Jovanovic has been able to produce biodiesel by pumping vegetable oil and alcohol through tiny parallel channels, each smaller than a human hair, of the microreactor, which is about the size of a credit card. Such microreactors can produce biodiesel between 10 and 100 times faster than traditional methods. He envisions a processing facility using banks of these devices to increase production levels to the volume required for commercial use.

Theoretically, a large enough farm operation could process oil bearing grain, e.g., Canola, corn or soybeans, on site. “Instead of relying on distant refineries and tanker transport” the farmer uses the vegetable oil to produce diesel fuel for use by farm equipment.

Furthermore, it could be particularly advantageous to livestock operations to use microreactors for distributed biodiesel production2 because after the oil has been extracted the grain could used as feed for the livestock. A complete operation also would produce the alcohol feedstock, preferably from agricultural waste.
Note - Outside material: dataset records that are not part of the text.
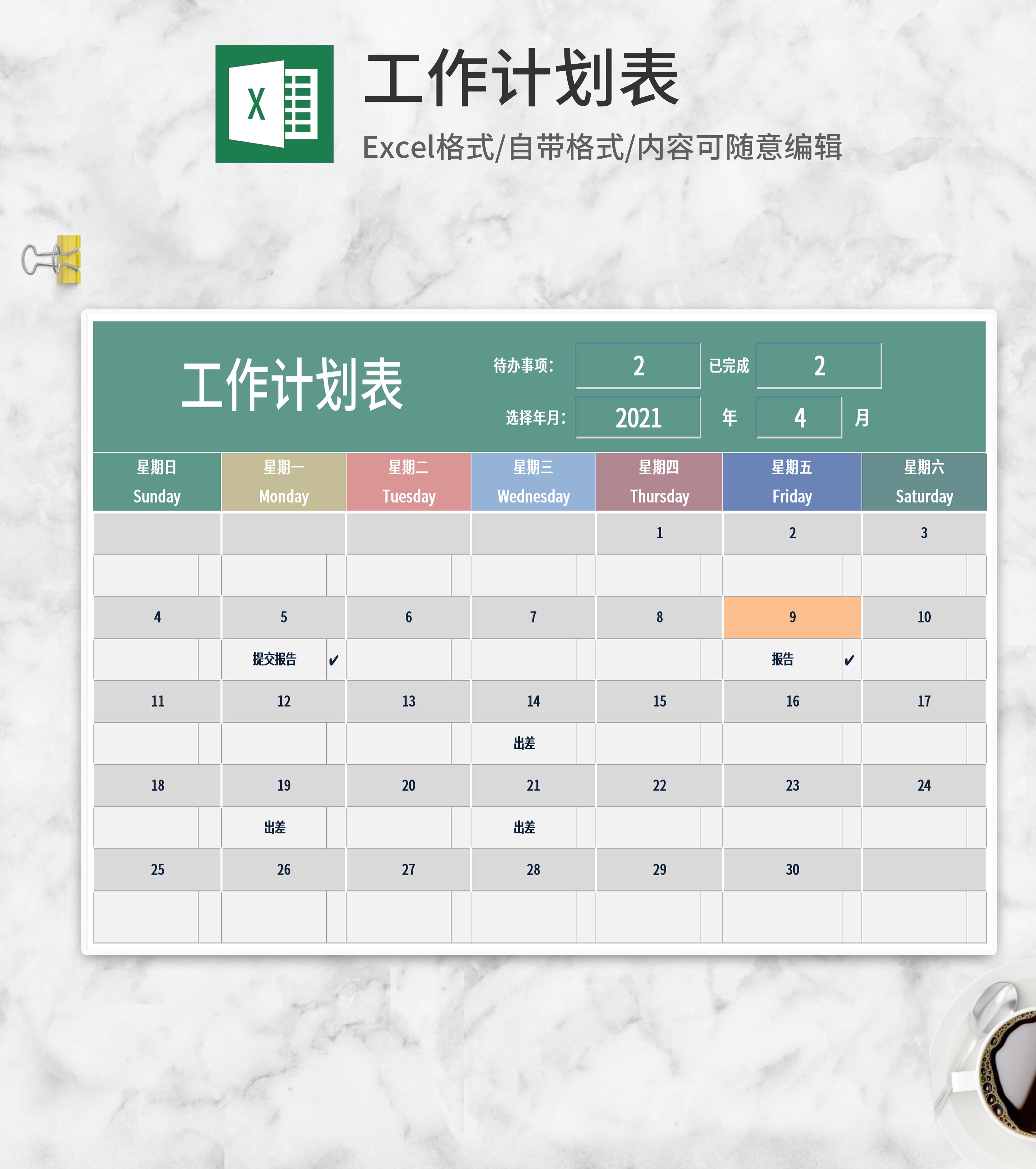 工作行程计划安排Excel模板
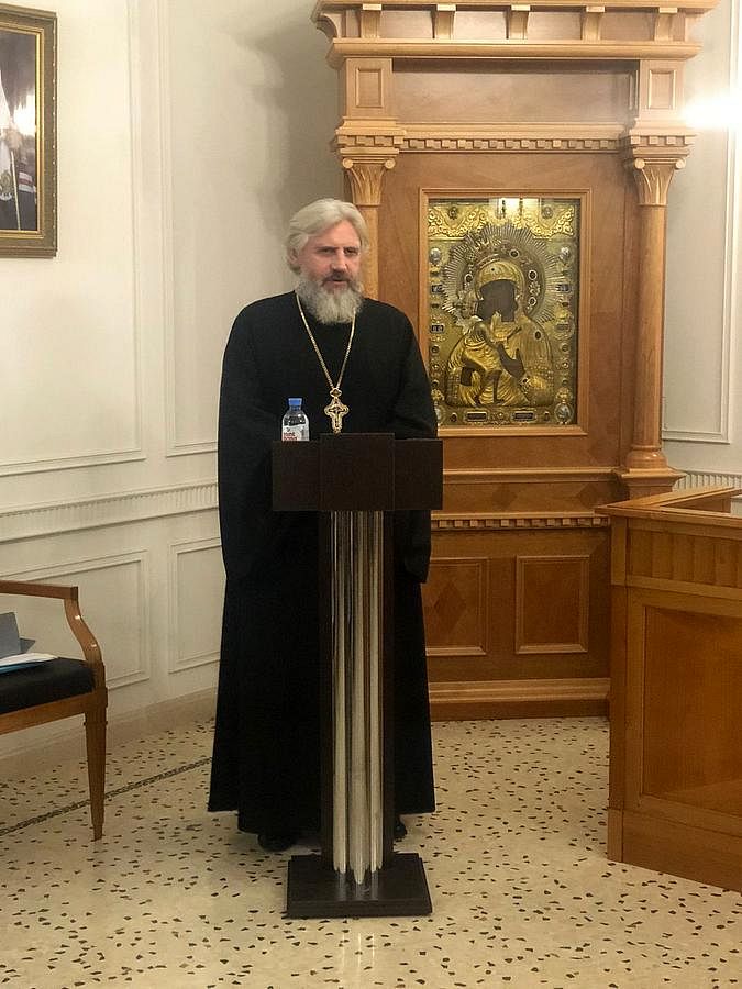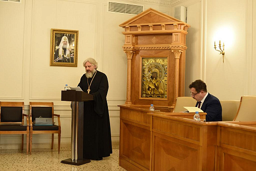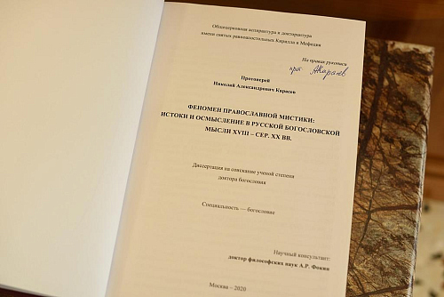 В ходе заседания состоялась защита докторской диссертации благочинного Андреевского церковного округа, настоятеля храма Живоначальной Троицы в Старых Черемушках протоиерея Николая Карасева на тему: «Феномен православной мистики: истоки и осмысление в русской богословской мысли XVIII — сер. XX вв.». Научный консультант диссертанта – доктор философских наук, ведущий научный сотрудник Общецерковной аспирантуры и докторантуры им. святых равноапостольных Кирилла и Мефодия А.Р. Фокин.
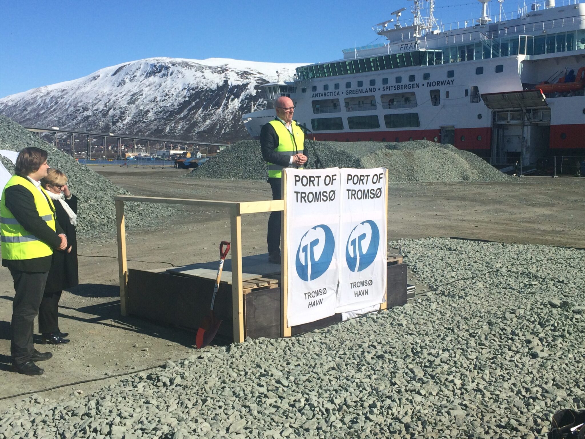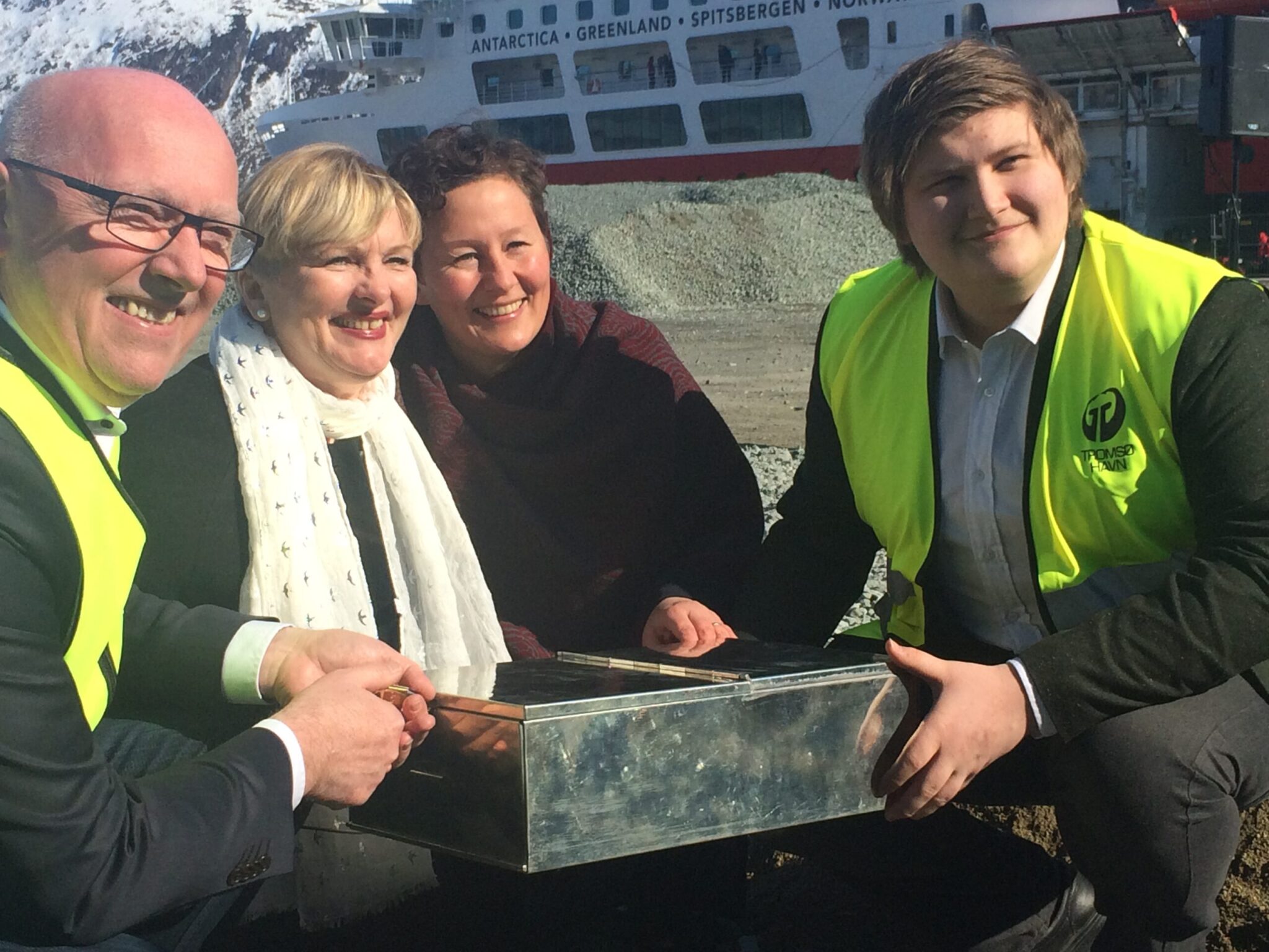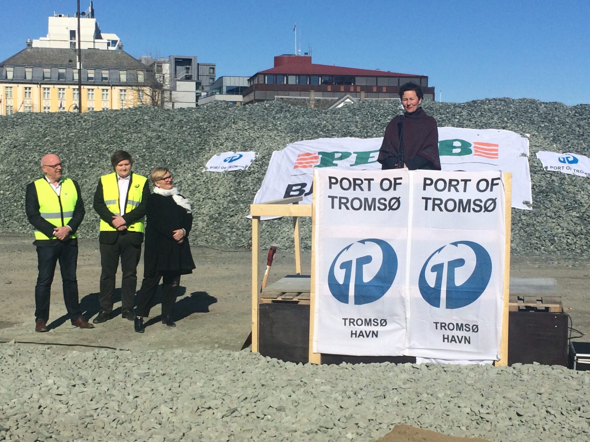 Både havnedirektør Halvar Pettersen, havnestyrets leder Frid Einarsdotter Fossbakk, Tromsø Ungdomsråds nestleder Martin Gamst Johnsen og Byrådsleder Kristin Røymo holdt flotte taler og uttrykte stor glede over denne store dagen for Tromsøregionen. Havneterminalen skal gi et bedre tilbud til både reisende og byens befolkning. Grunnsteinen ble lagt ned av Martin Gamst Johnsen, ungdomsrådets nestleder.
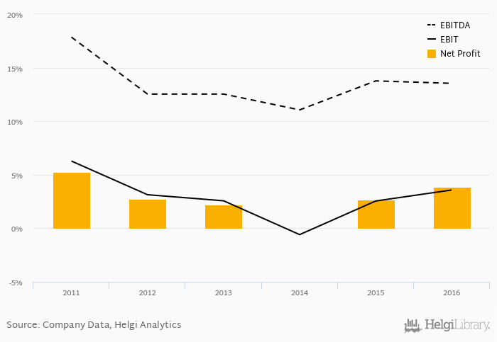 On the operating level, the EBITDA margin reached 13.5% and EBIT amounted to 3.58% of sales in 2016.
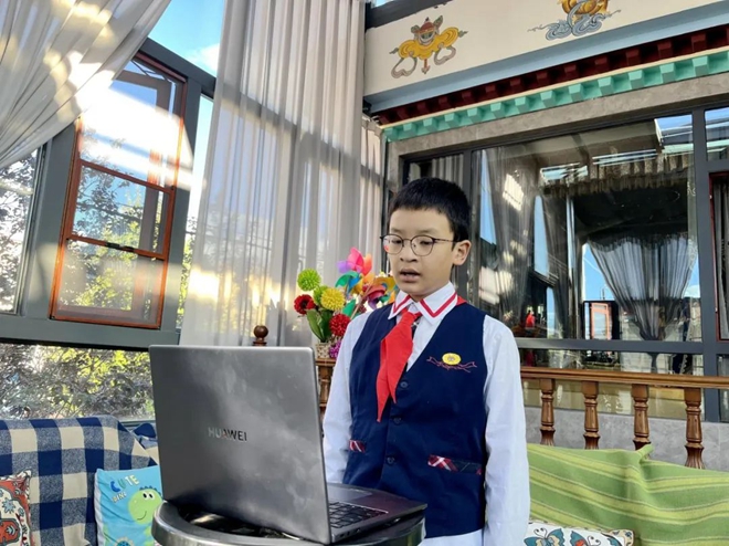 滯留西藏學(xué)生通過網(wǎng)絡(luò)直播參加線上升旗儀式
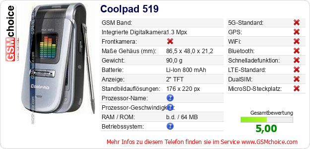 Hast du eigene Webseite? Willst du die Informationen über Standarddaten des Handys Coolpad 519 irgendwo veröffentlichen? Das ist sehr einfach. Du kannst das Bild herunterladen oder kopieren und auf der Webseite folgenden Code hinzufügen:Das Einfügen von diesem Code verursacht das Anzeigen von dem folgenden Bild:
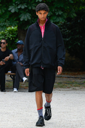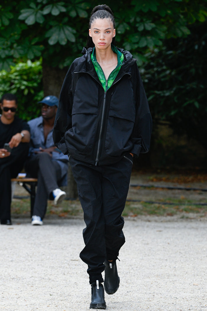 テクニカルウェアライン「BLK」では長年“黒”を基調にしてきたが、今季はその黒という影の世界に対し、光の反射やカラー、素材を組み合わせることで新たな陰影や立体感を作り出そうとしている。また、機能性重視の直線的なデザインではなく、あえて「曲線」や「波動」を取り入れ、視覚的にも時間や空間の変化を感じさせる設計にしている。

“(Speaking) as an economist, there are issues of cost and the capabilities of producing (biodiesel) in the right place in sufficient quantities to make it a viable energy source,” said OSU’s Bill Jaeger, an associate professor and extension policy specialist with the Agricultural and Resource Economics Department.

OSU extension soil scientist Don Wysocki, who works out of the Columbia Basin Agricultural Research Center and has experimented with producing biodiesel on a small scale, said that one concern is getting the canola oil in a pure enough form on the farm to move through the ultra-tiny channels in the microreactors.